Peer: De Engelse naam voor het fruit komt uit het Latijn pera, dat is ook wat het in het Spaans wordt genoemd.
Weegbree: "Weegbree" heeft twee betekenissen: een vrucht die lijkt op een banaan en een soort platbladige wiet. Beide worden genoemd plátano in het Spaans. De woorden met de eerste betekenis kwamen waarschijnlijk via het Spaans naar het Engels, wat de term uit West-Indië ophaalde, terwijl het woord met de tweede betekenis indirect uit het Grieks kwam.

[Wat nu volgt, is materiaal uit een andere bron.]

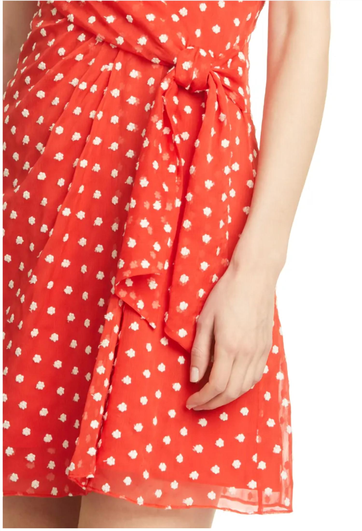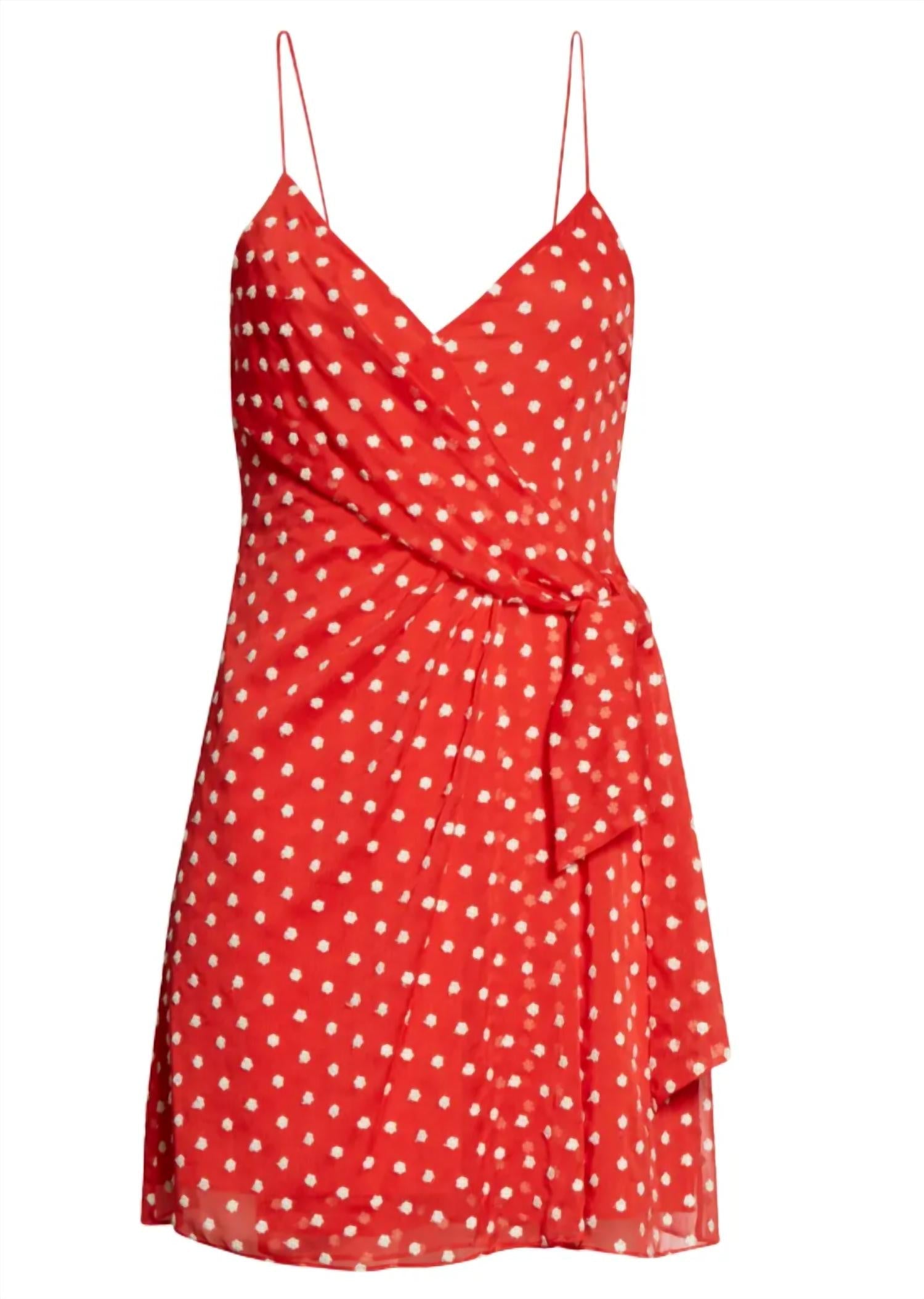 The kind of easy and flattering dress you'll be reaching for all season long. Introducing the Katie Tie Wrap Mini Dress by alice + olivia, a stunning addition to your wardrobe with whimsical flair. Exquisitely styled with spaghetti straps, this vibrant minidress is crafted from 70% polyester and 30% cotton, lined with 100% polyester contrast. Its graceful 33" length flows to an A-line silhouette, adorned in a charming white daisy floral pattern. Featuring an exposed back zip closure and a flattering surplice V-neck, it’s perfect for making a bold statement on warm nights out. Measurement details include a 15" chest and 14" waist, designed for size 2. Dry clean only to maintain its pristine appeal.
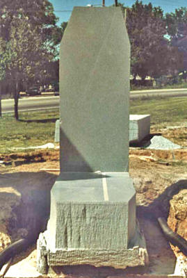 blocks for the North trilithon legs. The base of the analemma stone was left partially uncut so that future generations could see how it was done (although it is buried under the current ground level). The lower analemma stone sits on a concrete pad and has two slots in its base, so that it can be re-leveled if necessary.
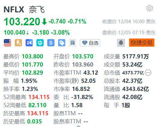 美股异动|奈飞盘前跌幅扩大至3%,宣布将收购华纳兄弟探索旗下的电视与电影制作公司及流媒体部门
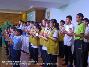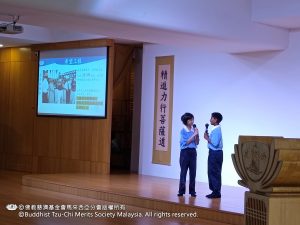 联谊会随后由慈济槟城安心班中学组学生上台分享他们在Grand STEM Challenge竞赛中全员获奖的喜悦及心得;小学组学生则以对谈方式,呈现了慈济「希望教育」的由来与深意。
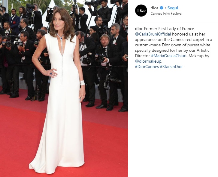 L’esempio più clamoroso è quello di Carla Bruni, che ha sfoggiato un abito lungo e scollato firmato Maria Grazia Chiuri, direttore artistico di Dior. Un vestito tanto semplice quanto sofisticato, elegante. magnetico, che metteva in risalto la bellezza della modella.
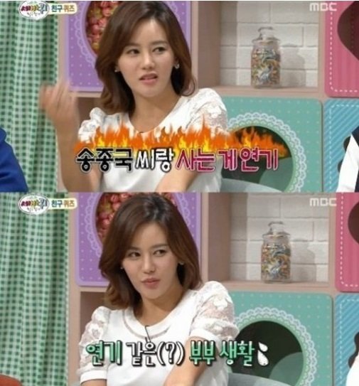 박잎선은 지난해 12월 방송된 MBC ‘세바퀴-친구찾기’에 출연했다. 이날 MC 신동엽이 박잎선에게 “예전에 연기 하지 않았느냐”고 묻자 박잎선은 “지금도 그렇다. 송종국 씨와 사는 게 연기다”면서 “연기 같은 부부생활”이라고 답했다.
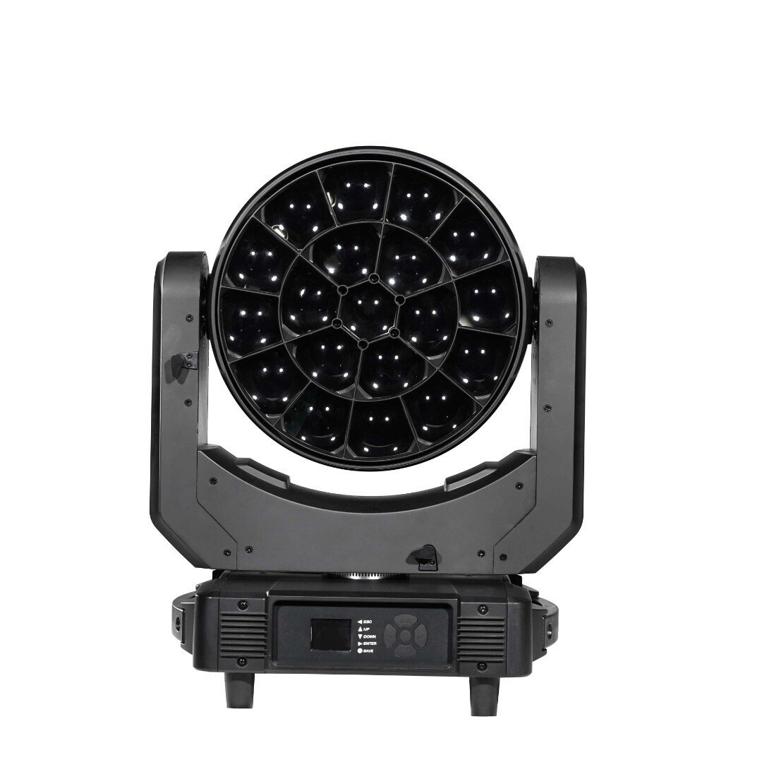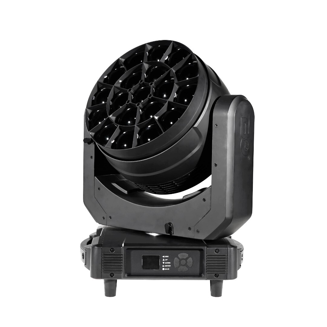 Вращающаяся голова Wash с сегментным управлением и мультицветными светодиодами 7 в 1 (Red\красный, Green\Зелёный, Blue\Синий, White\Белый, Lemon\Жёлтый, Amber\Амбер, Cyan\Циан, Purple\Фиолетовый). Источники света 19 светодиодов RGBLACP по 60 Вт каждый. Zoom: от 4,5° до 43° Димер 0-100%. Строб 0-25 вспышек в секунду. Управление: DMX512 (20/ 28/ 30/ 38/ 39), звуковая активация, автоматический режим, master/slave. Вращение Раn : 540°; Tilt 270°. Разъёмы питания Powercon, управления XLR 3 pin, Art-net (RJ45) опционально. Потребление: 950Вт. Габариты: 421 х 315 х 448. Вес: 21.2 кг.

tomatillo: tomatillo in het Spaans is tomate met het verkleinende achtervoegsel -illo. Andere Spaanse voedselwoorden die dit achtervoegsel gebruiken, zijn onder andere tortilla (omelet of tortilla, van torta, taart), mantequilla (boter, van manteca, reuzel of sommige soorten boter), en Bolillo (broodje, gerelateerd aan bola, bal).
Tomaat: Ooit werd de tomaat in het Engels een 'tomate' genoemd, hetzelfde als zijn Spaanse naam. De Spanjaarden kwamen op hun beurt uit Nahuatl, een inheemse Mexicaanse taal, die het woord gebruikte tomatl. De tl eindigend is een veel voorkomend zelfstandig naamwoord eindigend in Nahuatl.
Bronnen voor sommige van de andere fruitnamen zijn Italiaans (cantalupo en "meloen"), Latijn (pera en "peer") en Arabisch (naranja en "oranje").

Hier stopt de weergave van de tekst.